Thursday: Full blown man-flu…

Friday and Saturday spent doing exactly nothing. My biggest issue when ill is that I lose my appetite and, as much as I try, I don’t get a lot down because I feel constantly full. As a Powerlifter, this was disastrous. As a runner? Not so much. Dropping a few pounds won’t hurt my performance in just over 7 weeks, that’s for sure. The last time I stepped on a scale I was 91kg so…

The psychological aspect is hard. I don’t want to look like an elite runner. I want to look like an athlete. For what reason? I’m 6’1 and even at 90kg I look skinny. Between 94-96 is the weight I look best at, but it’s noticeably harder to run with that build. Also, (to repeat myself for 100th time) I really feel I’ve reached an age where posting shirtless pics for IG feels embarrassingly vain. It’s a bit like the involuntary wince I make whenever I hear a ‘Stormzy’ track at the gym. 

For now though, I’ll go with the drop in weight (whatever it might be). I’m sure it will climb a little again as I drop this illness and then, post-Manchester, I’ll decrease the weekly volume, add in some more food and creatine, lift harder and work on top end speed. The idea is to race at 5-10k distance before the next build to Amsterdam. I want to get a lot faster at the shorter distances - this is somewhere I’ve never trained specifically and will undoubtedly put me in a good place come 12-16 weeks prior to racing in October. 

In my head, all I want to do is get better/faster. I struggle without having something to work toward that excites me. I don’t give much thought to the fact that I’m 43 now. My training age for running is actually quite low and I will continue train as everyone younger than me does for as long as I can. This is exactly what Ken Rideout did at 42 years old and now he’s one of the fastest masters marathoners in the world with a pb of 2:28 (or 2:29) at 53 years old.

The drawback with training for two marathons per year is the constant low level fatigue you’re dealing with. Resistance is ever present. I have to remind myself to say ‘Yes’ if Holly suggests we go somewhere/do something. It’s not all about me. I justify it by saying ‘I just have to go sub 3 and I’m done’. But what happens if I go under, comfortably, knowing I could do better? And then the bigger question is - who cares if you do and why even bother?

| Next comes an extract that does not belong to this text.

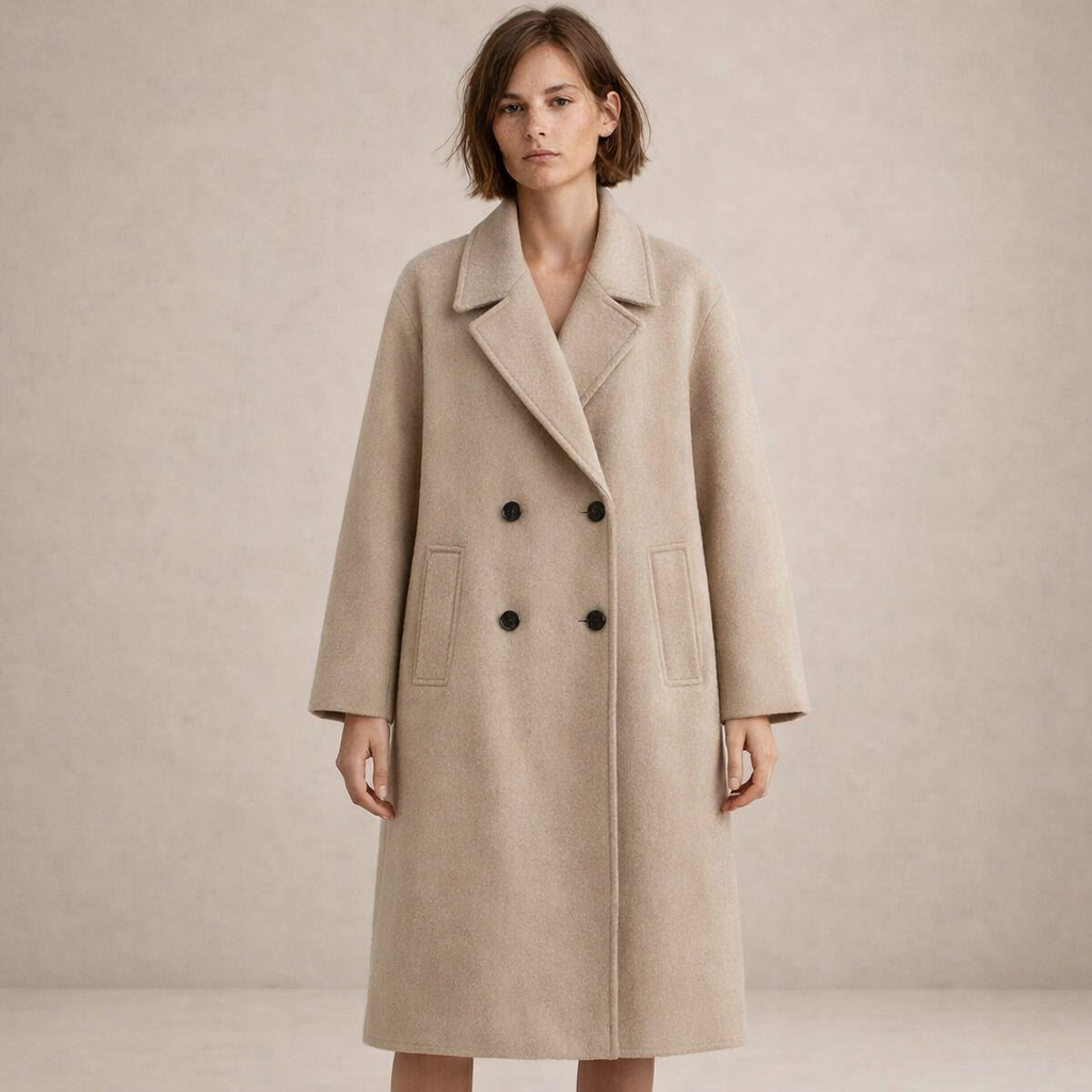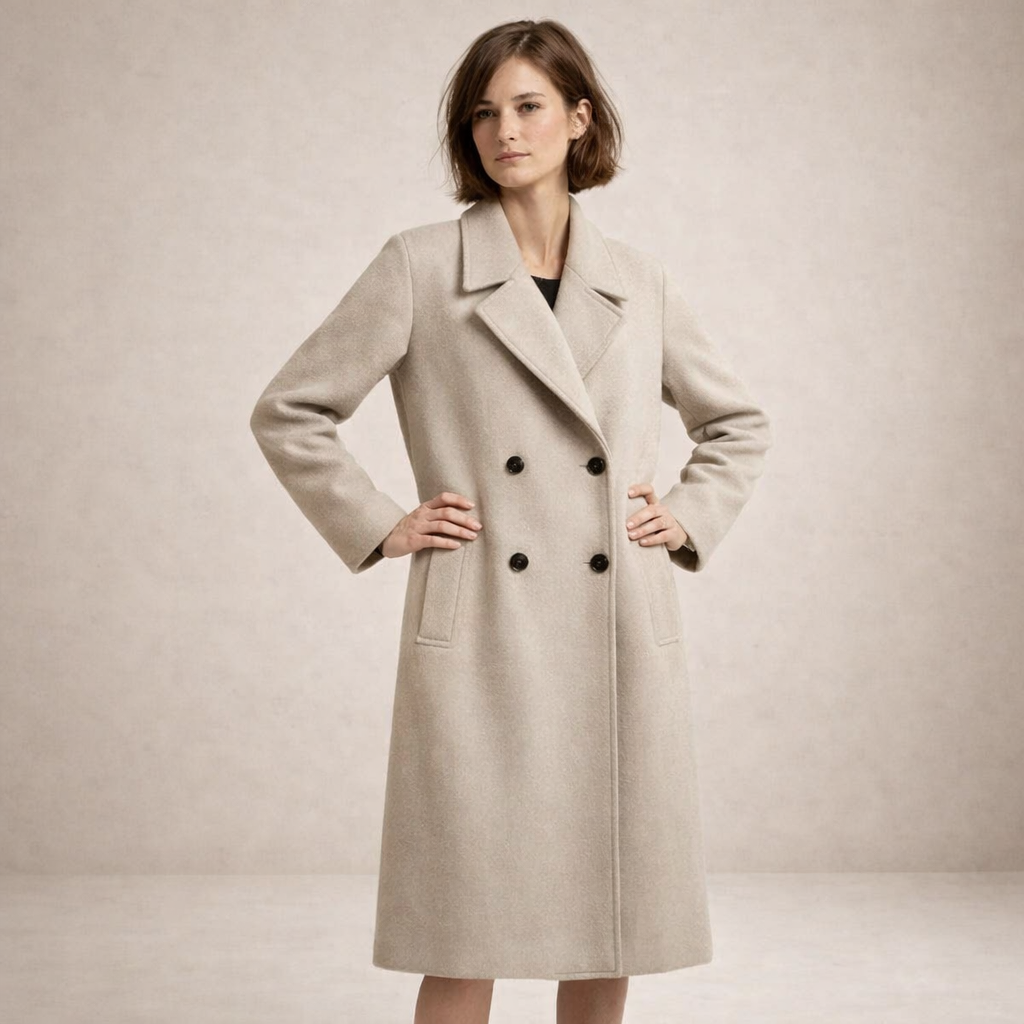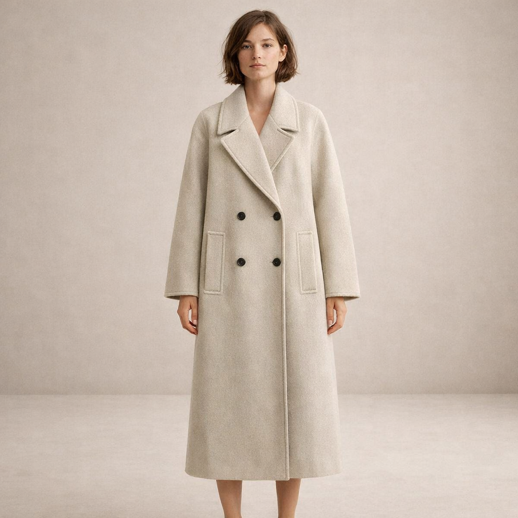 Timeless and effortlessly refined, this Women’s Double-Breasted Longline Wool-Blend Coat offers a polished outerwear option for colder days. Its clean structure and soft neutral tone make it a versatile layering piece for both tailored and casual ensembles, delivering warmth with understated elegance.

The answer to that is easy. I want to fulfil my potential in the things that I have been gifted the ability to do. I have chosen the things I have chosen because they excite me. In my mind, to have pulled 600lbs (272.5kg) off the floor and run under 3 hours for a marathon is a solid athletic achievement. There are people stronger and there are people faster; but there aren’t many who have reached this level in BOTH disciplines.

Sunday: I suspect that I might be able to manage my first run in 7 days tomorrow. Much less ill and no abdominal pain to speak of. Hopefully this past week was a blip in an otherwise solid block.

Time to lace up!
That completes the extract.